У дороги мелькали чёрные поля, зеленеющие колки, попадались все какие-то одинаковые деревни, казалось, и люди тут должны жить такие же одинаково-серые, неинтересные. Сергей обогнал несколько развалюх, всё москвичи да копейки. Было весело, и он посигналил какому-то дедуле с прищуром, глядящему на дорогу сквозь грязное стекло дряхлого москвичёнка. Через полчаса Сергей подъезжал к дому. Дядя Вова уже поджидал на лавочке у ворот. Постаревший, сидел в клетчатом с наградами пиджаке и серой кепке.

— Ну, здорово, Серёжа. Заматерел. В отца весь! — заговорил Владимир Петрович, пожимая ему руку. — Как дедушка-то там, в городе-то?
— Да ни чего. В сад собирается, полегче стало.
— Ты пока не заставай коня-то, — сказал дядя Вова, указав на машину. — Подвезёшь меня на митинг, как раз вовремя подъехал. Всех ветеранов лично пригласили, а я тебя приглашаю.
— Ну, садись, дядя Вова, — Сергей открыл перед стариком дверку.
— Хороша машинка-то, — дядя Вова в восхищении ощупывал панель. — Долго, поди, батюшко копил?
— Не знаю, он мне не докладывает. — Сергей запустил двигатель и нетерпеливо переключая передачи резко выскочил на поднятую асфальтовую дорогу.
— Коммерческая тайна, видно, — засмеялся дядя Вова.
— Да, правда, не знаю… — Сергей всё больше раздражался: «Неужели весь день слушать это.
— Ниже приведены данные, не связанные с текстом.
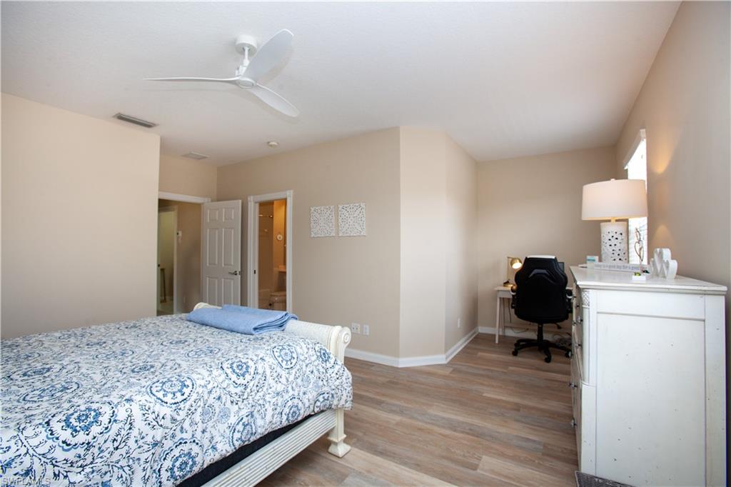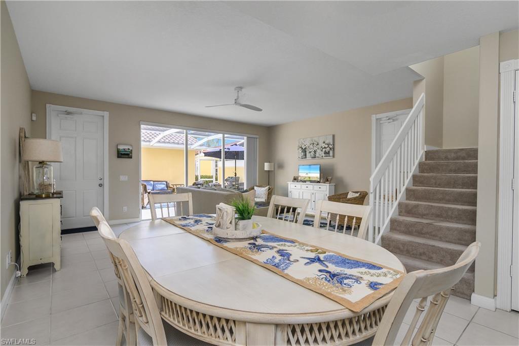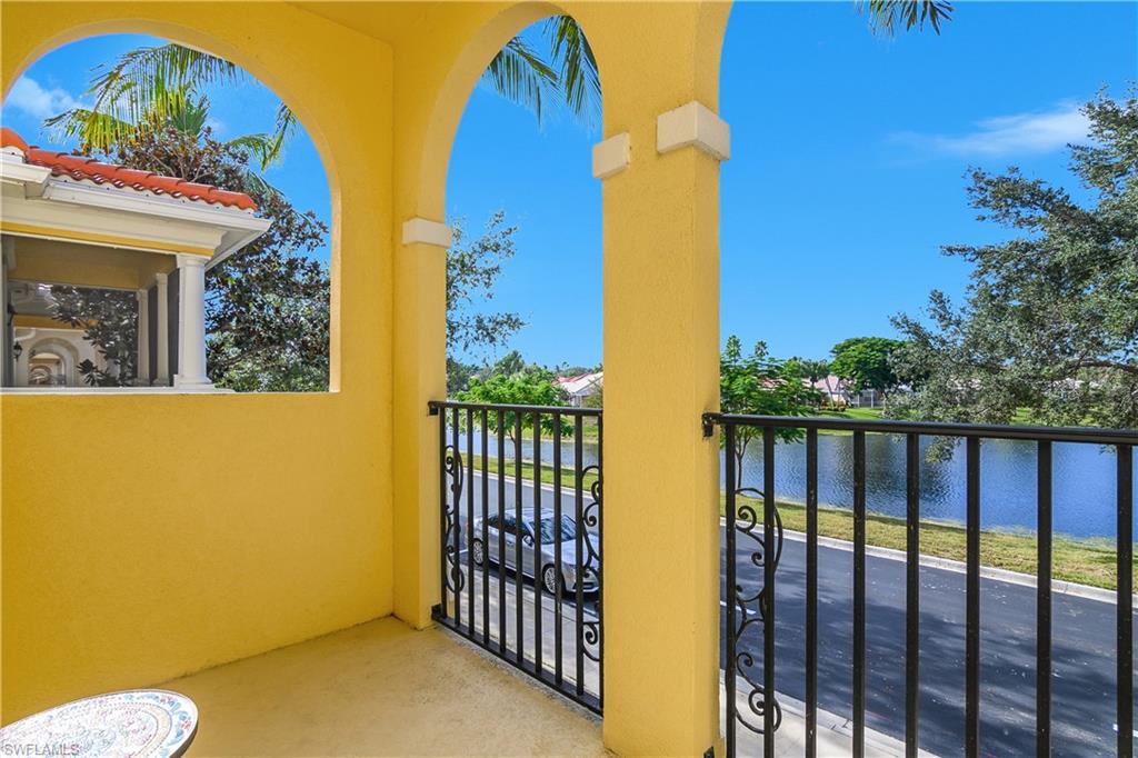 Welcome to luxury coastal living in the gated community of San Remo, just a short drive from the white-sand shores of Bonita Beach. This meticulously maintained townhome offers nearly 1,900 square feet of living space and a desirable open floor plan designed for comfort and entertaining. The first floor features a spacious kitchen with newer stainless-steel appliances, seamlessly flowing into a large living area with glass sliders that open to a generous screened lanai — perfect for enjoying Southwest Florida’s indoor-outdoor lifestyle. Also on the first floor are a bedroom that can be converted into a den, full bathroom and a charming front porch overlooking a tranquil lake. Upstairs, the expansive primary suite includes a large ensuite bath and private balcony, while the spacious second bedroom offers its own bathroom for added privacy. A conveniently located laundry room with new washer and dryer sits between the two bedrooms. Additional updates include a newer air-conditioning system and a two-car garage. Residents enjoy resort-style amenities including a pool, fitness center, tennis and pickleball courts, all within a beautifully maintained gated community close to shopping, dining and entertainment in Bonita Springs.

Как бы не нагрубить».
— Ты, куда? Забыл, где правление-то? — замахал руками пассажир, — заулок проехал.
— Дядя Вова, ты за штурмана сейчас, показывай вовремя.
У клуба машин не было, и Сергей остановился в стороне. Вышли они вместе.
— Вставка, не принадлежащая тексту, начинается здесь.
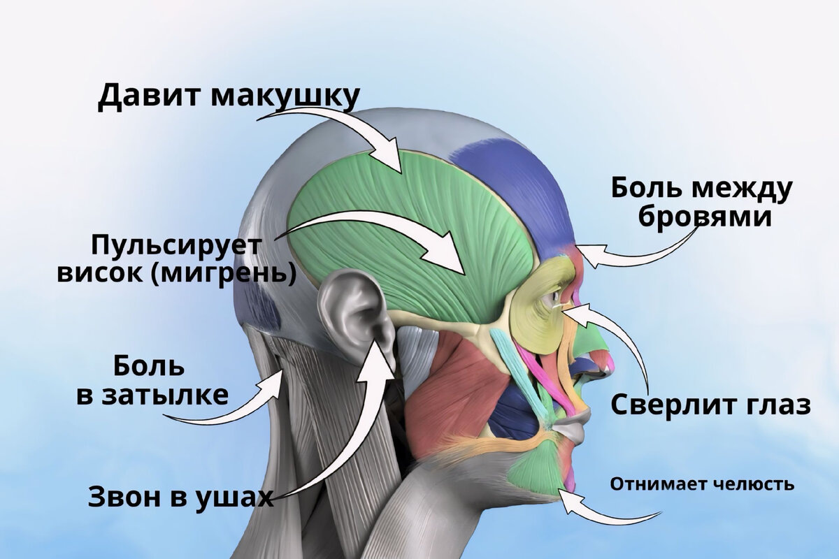 Боль обычно симметричная, охватывает лоб, виски и затылок. Часто она появляется к концу дня, особенно если вы много сидели в неудобной позе, работали за компьютером или переживали стресс.

Митинг начался с опозданием почти на десять минут. В полупустом сельском клубе четверых ветеранов поздравляли глава сельской администрации и, страшно волнуясь все двенадцать старшеклассников местной школы. Самодеятельный ансамбль пенсионерок в пошитых когда-то концертных сарафанах, исполнил песни военных лет. Все четверо получили в подарок по клетчатой рубахе и открытке, чем остались довольны. Потом школьники и ветераны возложили венки к пирамидке памятника погибшим односельчанам, краснеющими подновлёнными фамилиями.
Гремели и блестели на солнце награды. Ветераны, стесняясь редко надеваемых парадных пиджаков, бодрились и напускали торжественный вид. Школьники шли серьёзно и степенно. А когда глава объявил минуту молчания, наступила тишина. Селяне действительно молчали. Пожилые и дети, мужчины и женщины. Даже суетливые воробьи замолчали. Сергей невольно отметил: в городе всё не так. Бритые братки, ожидающие своих подружек, где-нибудь на задах пытаются перекричать друг друга, улаживая дела по мобильнику, беспечные школьники продолжают свой «крутой» трёп, а несчастные учителя громко шепчут угрозы, в попытках их урезонить. Тут, в деревне, всё было всерьез.
Закончили митинг приглашением ветеранов в сельский совет, где готовилось общее застолье. Владимир Петрович отказался. Сослался на нездоровье. Обнялся со всеми, прощаясь.
— Поехали, Серёжа, хватит с меня митингов-то, — дядя Вова направился к машине. — Вот уж, которую весну, после войны встречаю, а всё вроде внове, — рассуждал он по дороге. — Только, вот каждый год похолодание бывает, и нынче, ветер вон какой студёный. Да, всё одно отеплят, куда оно денется. Дожить бы только, хоть до цветочков, да до ягодок... А то, вон, Ерофея с Петром зимусь на кладбище свезли. Одного в декабре, другого в феврале, в оттепель как раз. Осталось нас, ветеранов войны-то, с прошлого года пятеро. Подбирать смёртонька, будь она окаянна. — Владимир Петрович тяжело вздохнул.
— А на митинге только четверо было, — припомнил Сергей.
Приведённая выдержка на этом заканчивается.